This is purely an educational post that explains how to take advantage of an Epson WF 7620 printer to make a banner as big as 13x47.24 inches (the limit of the printer).
I have one of these printers and the Luck museum has one. We bought them because they have an 11x17 scan/copy area and can print on up to 13x18 size paper (all measurements are inches).
The printer is reasonably decent output, but as the clerk at Best Buy told me, "if you don't print regularly with Epson printers, the heads clog up." She was right!!!
However, I have found that I can unclog the heads by following the DIY information found on the internet that includes soaking the heads over a wet paper towel and if needed, gently syringing distilled water through them. Something one shouldn't have to do!
Anyway, the printer specifications claim to print banners up to 47.24 inches long. (that comes from the metric 120 cm long and 33 cm wide maximums which may be some metric standard? ).
I bought a roll of cheap paper at Walmart in the art supplies area. It is like typing paper only on a roll and 12 inches by 100 feet. I cut off 48 inches of it and tried to feed it into the single sheet feeder, but it was too floppy. So I taped the leading edge to a sheet of heavier 12x18 paper and that would let the printer grab the paper and feed it through OK. Once it gets started through, it goes the rest of the way fine.
Next I tried to find a program that will let me do a page layout of 12x47.24. Word will do 12x22 -- and no longer. Printshop 13x18 and nothing longer. However, Open Office (the free word processor) lets me define any size. Wonder why the other programs don't?
I went to the printer setup on my computer and defined a "Banner" paper type of 12x47.24. Then I designed a poster and printed it to the Epson selecting the rear feed, the new Banner paper size and pushed the print button. It worked!!!
Of course, since the paper was not glossy, the quality was not wonderful, and the Epson was not printing through all of the nozzles as usual, so a little streaky until I told it to print slow and high quality. And I have to cut the tape holding the back stiffener paper off.

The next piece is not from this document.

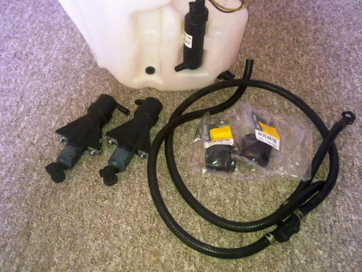 die normale Wisch-Wasch-Anlage hat zu wenig Druck, um die Düsen auszufahren, die sind Federbelastet und die Verschlauchung zu den Düsen ist etwa so groß, wie bei nem Gartenschlauch, also etwa 3-4x so groß wie die normalen Schläuche der Scheibenreinigung

Imagine this 47.24 inches long and 12 inches tall. Now I think I will see if I can find 13 inch rolls of glossy ink paper.
I tried to find out how to do this on the internet, but nothing for the Epson WF 7620. Some printers have a roll feed paper and cutter built in, but not mine. However it is pretty handy to have a 4 foot poster.
What is my rating for the printer? It does pretty good with the scanner top feed. I can scan double sided and up to about 25 pages at a time without much trouble jamming unless it is very thin paper or badly wrinkled. The scan quality can be set to be plenty high for the museum. I can scan to a flash drive, SD card, my computer or the cloud.
I have it networked at home and that works fine. At the museum the networking would sometimes drop out, so I just hooked it directly to the computer.
The ink is very expensive and it does use a lot. At home I refill my own cartridges with pigment ink and at the museum we buy them. Their first printer clogged so bad, I took it back after a year (we had a 3 -year extended Best Buy warranty--and they gave us a new one). That one also had some error messages indicating stuck paper or something. I have had my own for nearly 3 years now and other than the clogging nuisance, it works pretty good. I don't print a lot and that is my problem too. The heads are expensive, but replaceable -- but cost nearly as much as the printer ($200 for the printer, $120 for the heads). They have "micro fine" holes that are almost impossible to keep functioning without a daily print with each color and black.
Every inkjet printer I ever had clogged, so I expect that. The old HP's were easiest -- their print head was right in the cartridge and every time you bought a new cartridge you got to start over new. My Kodak was terrible, and all of my Epson's spent about as much time having the heads being soaked as they did printing even with Epson ink cartridges.